▶ [Prompt] Copy, word for word, the lines of the listing below from the line with "Diesmal geht es" up to and including the line with "In the early". Drop the pictures.

▶ [Source data]
┄┄┄┄┄┄

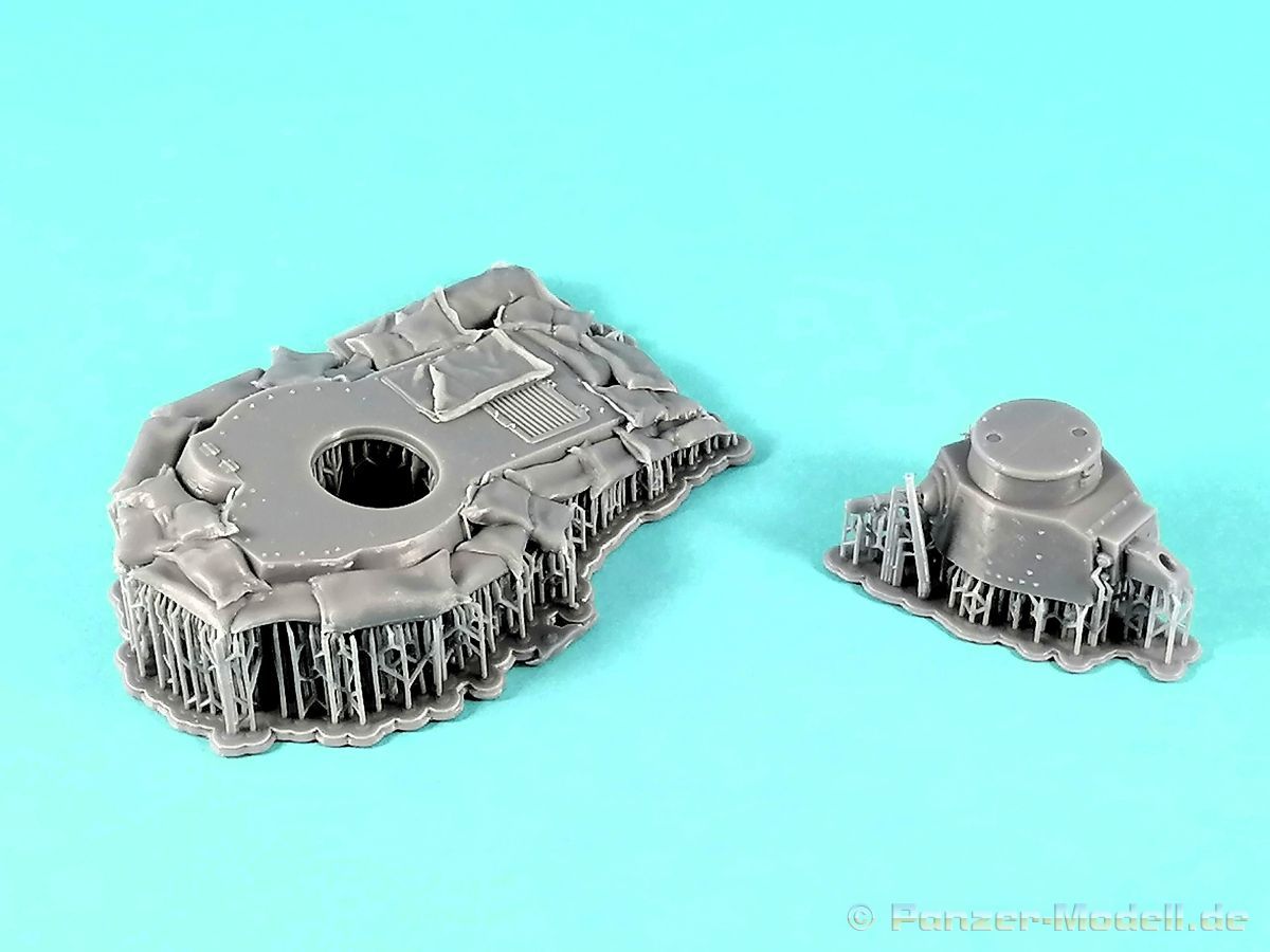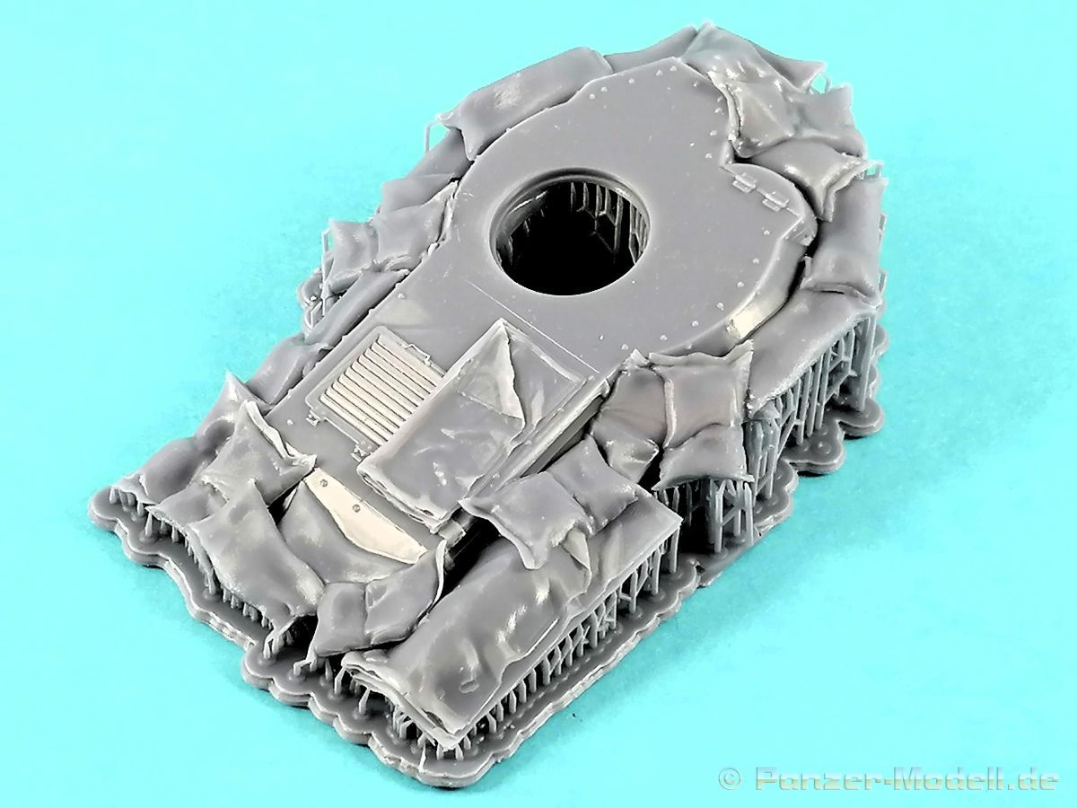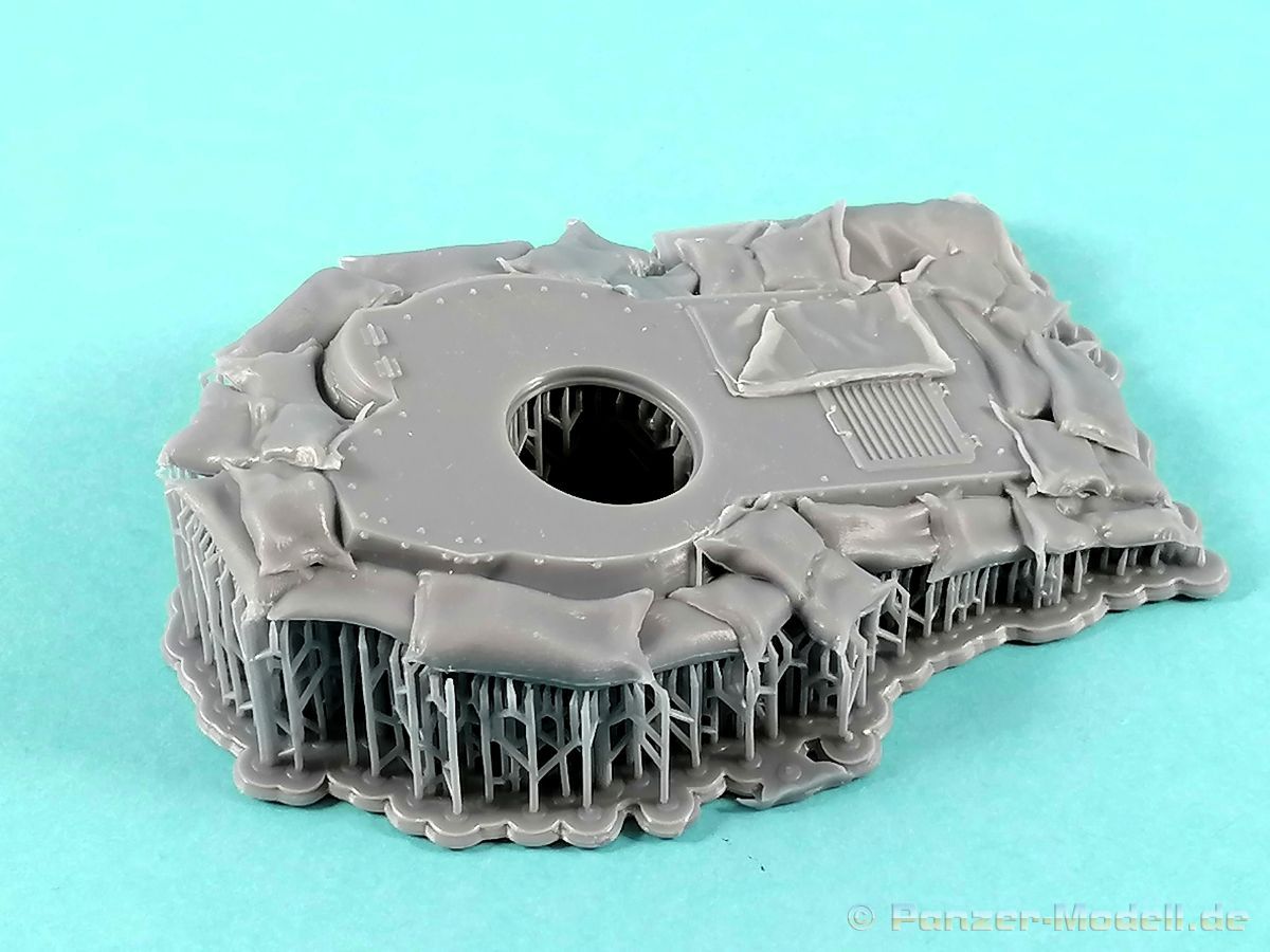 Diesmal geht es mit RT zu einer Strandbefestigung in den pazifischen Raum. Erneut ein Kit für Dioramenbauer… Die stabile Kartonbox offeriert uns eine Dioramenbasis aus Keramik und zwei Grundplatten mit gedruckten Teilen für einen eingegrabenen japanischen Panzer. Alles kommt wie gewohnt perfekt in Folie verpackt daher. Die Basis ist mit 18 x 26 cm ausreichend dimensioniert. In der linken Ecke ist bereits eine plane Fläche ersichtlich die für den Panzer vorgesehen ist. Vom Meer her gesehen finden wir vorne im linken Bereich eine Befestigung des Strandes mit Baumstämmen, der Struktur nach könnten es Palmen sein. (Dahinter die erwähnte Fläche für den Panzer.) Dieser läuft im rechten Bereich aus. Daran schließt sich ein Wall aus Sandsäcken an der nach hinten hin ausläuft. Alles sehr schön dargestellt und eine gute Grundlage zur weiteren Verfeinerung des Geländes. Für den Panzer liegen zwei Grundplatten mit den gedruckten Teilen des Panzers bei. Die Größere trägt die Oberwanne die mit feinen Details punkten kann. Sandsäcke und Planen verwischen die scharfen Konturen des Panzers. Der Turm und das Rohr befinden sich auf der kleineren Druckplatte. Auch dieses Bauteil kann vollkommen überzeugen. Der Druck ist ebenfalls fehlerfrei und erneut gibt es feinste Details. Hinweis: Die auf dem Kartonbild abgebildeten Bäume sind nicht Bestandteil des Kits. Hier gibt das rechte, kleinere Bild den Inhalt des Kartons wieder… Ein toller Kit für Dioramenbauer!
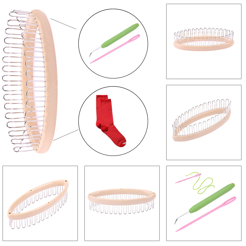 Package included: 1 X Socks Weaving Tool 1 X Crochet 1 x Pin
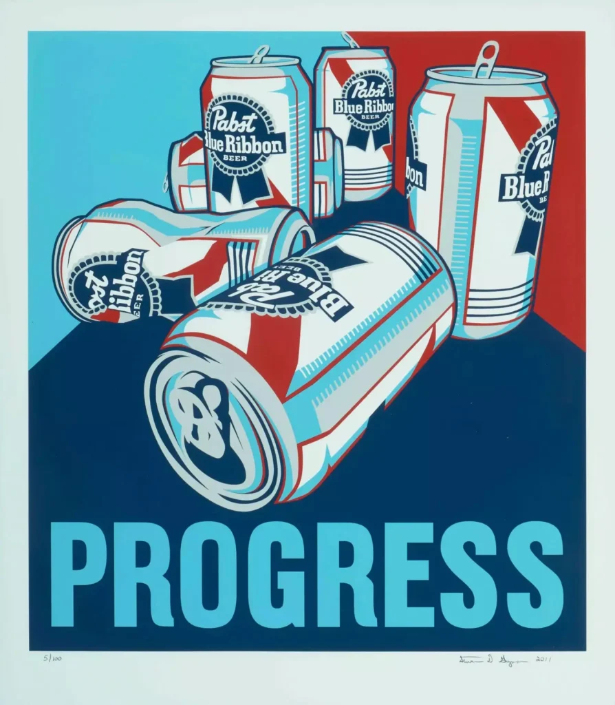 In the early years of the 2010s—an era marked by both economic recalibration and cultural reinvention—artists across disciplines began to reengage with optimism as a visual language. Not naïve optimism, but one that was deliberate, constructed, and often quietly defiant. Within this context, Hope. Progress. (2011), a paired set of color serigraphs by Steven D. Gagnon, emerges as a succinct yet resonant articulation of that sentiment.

┄┄┄┄┄┄

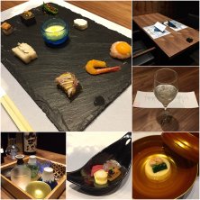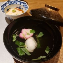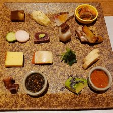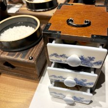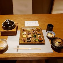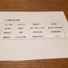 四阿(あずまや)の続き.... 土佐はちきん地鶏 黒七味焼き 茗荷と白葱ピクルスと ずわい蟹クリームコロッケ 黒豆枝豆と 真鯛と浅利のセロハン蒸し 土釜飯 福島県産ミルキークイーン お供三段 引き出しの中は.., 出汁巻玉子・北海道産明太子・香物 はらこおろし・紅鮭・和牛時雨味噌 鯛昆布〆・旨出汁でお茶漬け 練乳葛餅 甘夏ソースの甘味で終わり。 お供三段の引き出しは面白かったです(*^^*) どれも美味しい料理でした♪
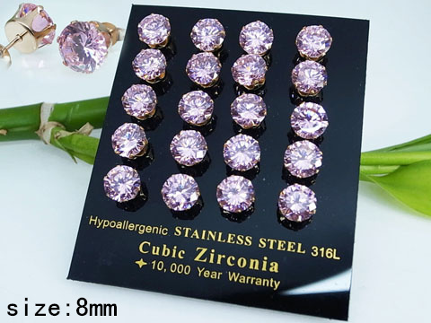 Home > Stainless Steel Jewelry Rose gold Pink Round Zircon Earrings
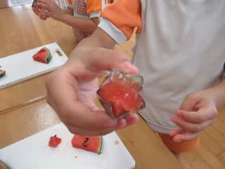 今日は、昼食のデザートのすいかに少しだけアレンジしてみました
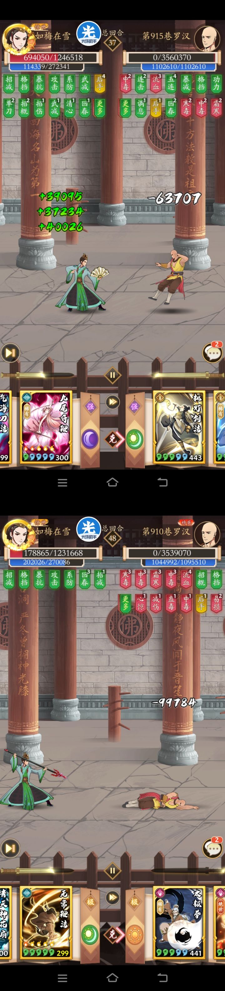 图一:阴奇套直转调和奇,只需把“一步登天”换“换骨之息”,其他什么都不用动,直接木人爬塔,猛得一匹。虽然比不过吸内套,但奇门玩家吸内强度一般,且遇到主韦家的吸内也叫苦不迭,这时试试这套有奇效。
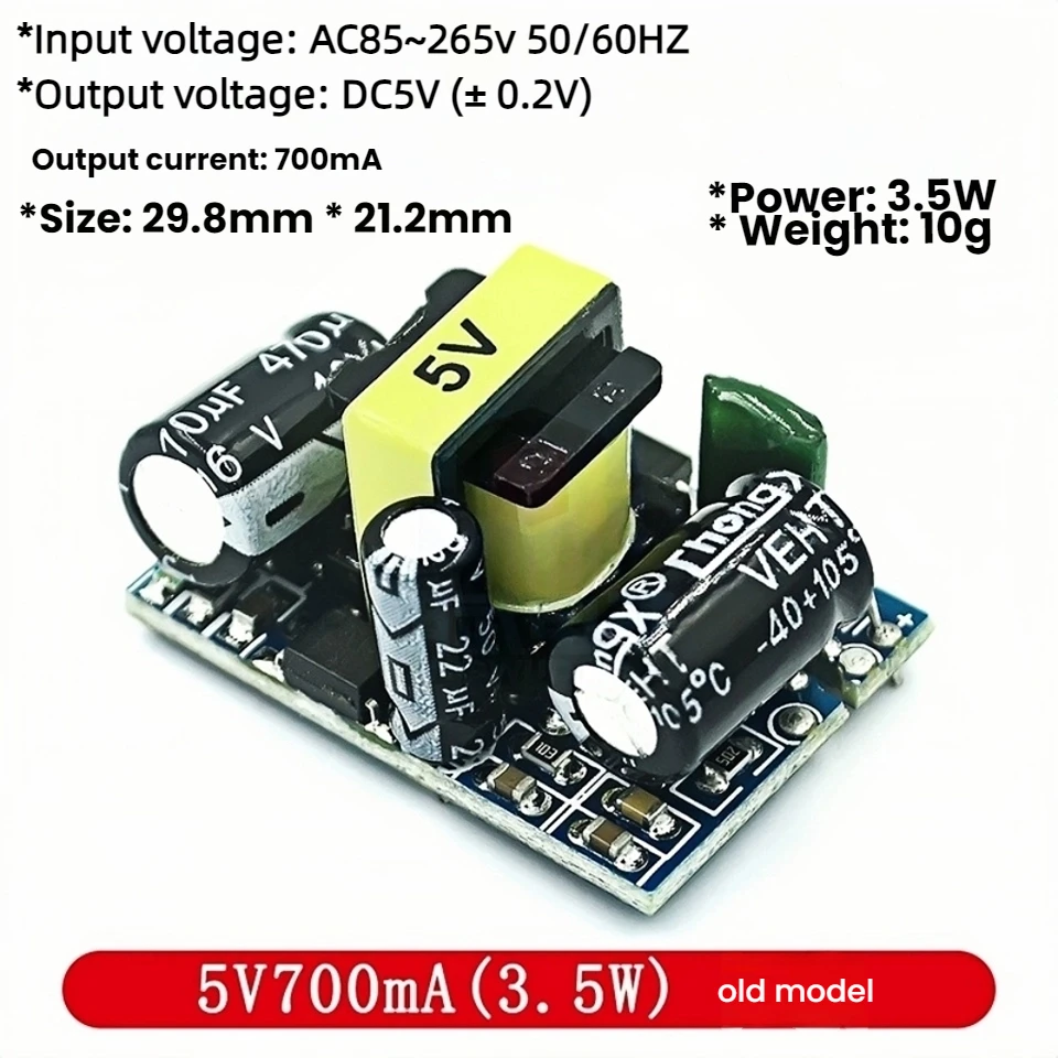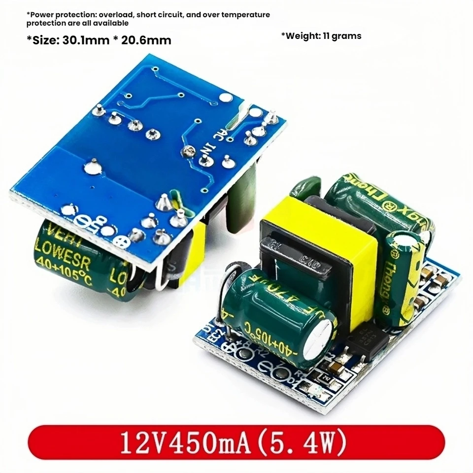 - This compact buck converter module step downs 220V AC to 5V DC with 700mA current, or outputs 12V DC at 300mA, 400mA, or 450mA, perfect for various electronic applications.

┄┄┄┄┄┄

▶ [Your response]
 Diesmal geht es mit RT zu einer Strandbefestigung in den pazifischen Raum. Erneut ein Kit für Dioramenbauer… Die stabile Kartonbox offeriert uns eine Dioramenbasis aus Keramik und zwei Grundplatten mit gedruckten Teilen für einen eingegrabenen japanischen Panzer. Alles kommt wie gewohnt perfekt in Folie verpackt daher. Die Basis ist mit 18 x 26 cm ausreichend dimensioniert. In der linken Ecke ist bereits eine plane Fläche ersichtlich die für den Panzer vorgesehen ist. Vom Meer her gesehen finden wir vorne im linken Bereich eine Befestigung des Strandes mit Baumstämmen, der Struktur nach könnten es Palmen sein. (Dahinter die erwähnte Fläche für den Panzer.) Dieser läuft im rechten Bereich aus. Daran schließt sich ein Wall aus Sandsäcken an der nach hinten hin ausläuft. Alles sehr schön dargestellt und eine gute Grundlage zur weiteren Verfeinerung des Geländes. Für den Panzer liegen zwei Grundplatten mit den gedruckten Teilen des Panzers bei. Die Größere trägt die Oberwanne die mit feinen Details punkten kann. Sandsäcke und Planen verwischen die scharfen Konturen des Panzers. Der Turm und das Rohr befinden sich auf der kleineren Druckplatte. Auch dieses Bauteil kann vollkommen überzeugen. Der Druck ist ebenfalls fehlerfrei und erneut gibt es feinste Details. Hinweis: Die auf dem Kartonbild abgebildeten Bäume sind nicht Bestandteil des Kits. Hier gibt das rechte, kleinere Bild den Inhalt des Kartons wieder… Ein toller Kit für Dioramenbauer!
 Package included: 1 X Socks Weaving Tool 1 X Crochet 1 x Pin
 In the early years of the 2010s—an era marked by both economic recalibration and cultural reinvention—artists across disciplines began to reengage with optimism as a visual language. Not naïve optimism, but one that was deliberate, constructed, and often quietly defiant. Within this context, Hope. Progress. (2011), a paired set of color serigraphs by Steven D. Gagnon, emerges as a succinct yet resonant articulation of that sentiment.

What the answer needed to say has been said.